Gael Garcia Bernal as Victor: This putz is embarrassingly one-dimensional. Even when he goes on a honeymoon, his lust is unreasonably directed more towards food than it is getting romantic with Seyfried’s character. He says “I feel horrible” a lot, which makes him infinitely more annoying than endearing or even adorably misguided. Is this really how Bernal wanted to break into American romantic comedies? This actor/writer can co-pen a good script, one could only assume he’d have the eyes for a terrible one also. Score: 3

TALKING: The bits of Italian spoken in the movie are rarely given subtitles, but most of the movie is in some garbage dialect that I don’t think can be translated. Someone actually says the line, “Do you believe in destiny?” and Redgrave says one of the most head-scratching lines ever – “One of the great joys in life is having one’s hair brushed.” Then, after Token British Guy falls off the side of a house and lands on his back, she asks him, “Can you move?” He smiles, and not dying on the ground, says, “Only my lips.” The two lock faces, and I hadn’t felt my gag reflex tested that much since that time I brushed my teeth too aggressively. Score: 2

SIGHTS: Some authentic views of Italy are offered in landscape shots. If they’re not real, well, then I’ve been fooled. Score: 3

SOUNDS: The soundtrack consists mostly of Italian pop songs you’ve never heard, nor will ever recognize, along with a handful of American pop tunes. Taylor Swift’s “Love Story” is given the dragged out treatment during the “emotional” romantic climax of the movie, and Colbie Caillat’s new song “What If?” wraps everything up during the credits. As for the score, it’s guilty of swelling up to add syrup to the corniness. Score: 5


BEST SCENE: The chorus to Colbie Caillat’s song “What If?" There is no equal warmness provided by the rest of the movie's entirety.

ENDING: Thinking that she has died, he decides to drink poison. Then, when she finds out that he died thinking she had kicked the bucket, she stabs herself with a sword.

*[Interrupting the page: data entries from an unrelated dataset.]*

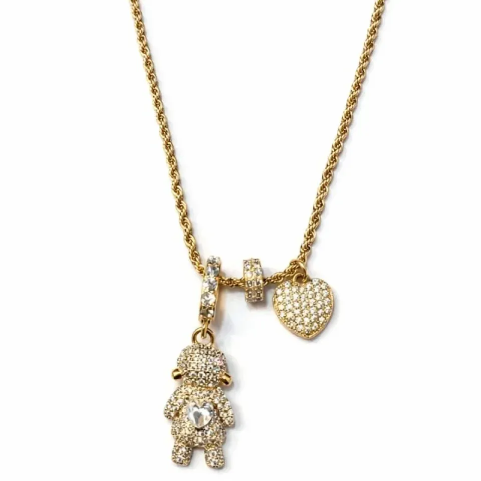 O destaque fica por conta do pingente de boneca totalmente cravejado com micro zircônias, com um coração em cristal no peito, que traz ainda mais charme e luminosidade à peça. O colar também acompanha berloques cravejados e um pingente de coração cravejado, deixando o conjunto ainda mais especial.
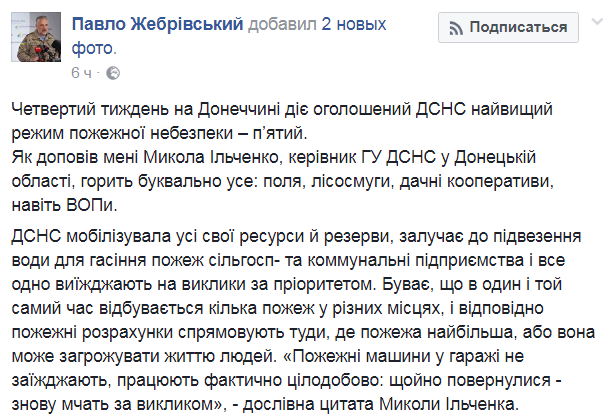 Об этом на Facebook-странице сообщил председатель Донецкой военно-гражданской администрации Павел Жебривский.
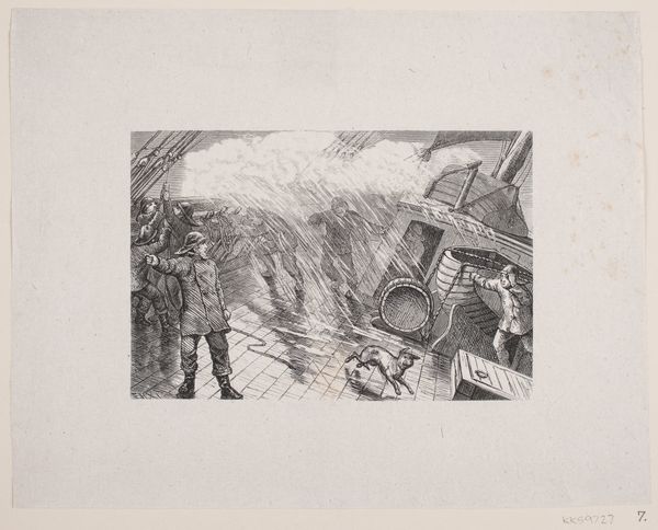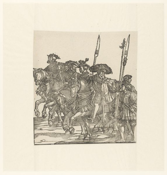 Curator: Before us, we have a print titled "Tweede span van vier paarden" from 1537, created by Hans Schäufelein. It's an engraving, exhibiting characteristics we associate with the Northern Renaissance style. Editor: Wow, the mood is instantly striking! So intricate and somewhat tense. Like a parade gearing up for… something significant. You almost feel the horses’ nervous energy. Curator: Indeed. The work’s historical painting theme situates it within the grand tradition of capturing pivotal moments and conveying underlying ideologies through figuration. The horse, throughout history, is a complicated and celebrated symbol of status and strength. Here the second span of four horses hints at a grand procession. Editor: Absolutely. Looking at the leading figures, what do you make of their rather...serious expressions? It seems like a scene brimming with importance. Almost suffocatingly so! Curator: It suggests, potentially, anxieties related to power, or impending conflict. Renaissance prints often subtly navigated politically turbulent waters through veiled symbolism. We see this with their lances. The weapons point in two opposing directions, perhaps signaling unrest or shifting alliances. Editor: I wonder, could it also be the dawn of the Early Modern period showing its face? I mean, beyond the specific subject, I get this sense of controlled chaos. A world order transitioning into something… else. You know? Curator: Precisely. The engraving, executed with delicate precision, presents us a microcosm reflecting that precise cultural and social tension. These figures stand, perhaps on the cusp of sweeping societal change. Editor: And those details...I feel drawn in by the rich ornamental bridles. What sort of psychology is employed to direct attention like that? I'm distracted by this beauty! Curator: They serve to ennoble the subject. Beauty used strategically is a persuasive force; even, in a sense, a weapon. Editor: Weaponized aesthetics! That rings a bell. You've given me a whole new context through which to look at these images! Curator: My pleasure! May this perspective deepen your appreciation for the emotional, cultural, and psychological depths that reside within it.
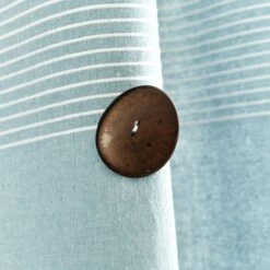This Farmhouse Button Stripe Yarn Dyed Woven Cotton Window Curtain Panel Set in yellow, blue and navy color options contains 100% GRS certified recycled material, certified by GSCI – 1202. The eco-friendly recycled cotton makes this a purchase you can feel good about. It also make the panels soft to the touch for an excellent hand feel.

Hey, a guy can dream, right?

QUESTIONS: Afterward I thought to myself, "Will this be shown on airplanes?" At least they have barf bags.

REWATCHABILITY: After gaining some distance from Juliet, I might be able to take a second look (which I partially say because its very possible that Jeff Bayer will send this DVD to my domicile). Though, I am struggling with the answer to my own question, "Which one could I watch a second time? Leap Year or Letters to Juliet?"


Yes, Virginia, there is a Romeo out there for you. But you'd never know that by trying to experience something like this. Considering the flick's romance, it's a wonder that Sophie could really love either of her male counterparts, as the relationships are all exterior, with no butterflies or awkward heartbeats to be felt in any scene. The movie could have saved some money if they just replaced Bernal and Egan with cardboard cutouts. They’d get the same result, and maybe even a laugh or two. The movie could still continue its mission of creating a cycle of lies that people like Sophie eventually become walking, dreamy-eyed examples of.

This is a romantic fairytale in desperate need of a heartbeat that's made for those who can chew on lazy stories of romance, with or without vampires and werewolves. Whether it wants to be a fantasy or not, the Letters to Juliet is still written with a dull pen. It should offer jokes, slapstick, or anything involving for its audience if it's going to skim over referencing Shakespeare’s “Romeo and Juliet.” True love is presented in the most unlikely of circumstances, and the movie hardly makes an effort to accept its cheese as fantasy. With a young girl from New York finding love in a British dude who’s grandmother is successful in finding the Italian man she knew fifty years ago, Letters to Juliet might as well preach about the existence of Santa Claus.